The State of Texas is suing the Food and Drug Administration, seeking to force it to release some 1,000 vials of a lethal injection drug that officers seized at Houston Intercontinental Airport two years ago, News Radio 1200 WOAI reports.
The feds claimed at the time that the state had purchased the drugs under false pretenses
.Robert Dunham of the Death Penalty Information Center tells News Radio 1200 WOAI that the seizure, and the lawsuit, demonstrates the challenges that states like Texas have today in acquiring the drugs needed to carry out executions.
"The attempts to use medicine to carry out executions have put the United States, and Texas, on the map worldwide as human rights abusers," Dunham said.
Specifically, most companies that manufacture drugs these days are international conglomerates which are either headquartered in Europe or have major operations in Europe. The European Union has forbidden any products made in Europe from being used for executions. That has left the State of Texas in a bind, forcing it to acquire execution drugs from so called 'compounding pharmacies,' where they are manufactured from other producs, or, in the case of the 1,000 doses of sodium triopental which is at issue in the lawsuit, acquire the drugs under misleading pretenses.

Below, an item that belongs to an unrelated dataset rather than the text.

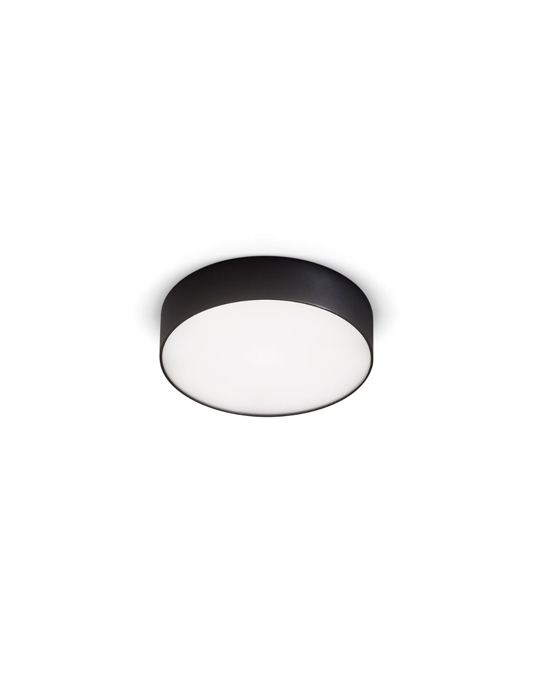 Questa lampada da soffitto per interni é realizzata con struttura in alluminio finitura nero opaco e diffusore in metacrilato.

Dunham says Texas, unlike Arkansas, is not running out of lethal injection drugs, and doesn't use sodium triopental for that purpose in any case, the drugs were meant to be a backup.
"It wanted to obtain as much sodium triopental as it could as a stopgap measure, and as a way of insuring that it would not have a problem if its supplies of pentobarbital become unavailable," Dunham said.
The Texas Department of Corrections as a matter of policy does not comment on the supply of pentobarbital it has on hand.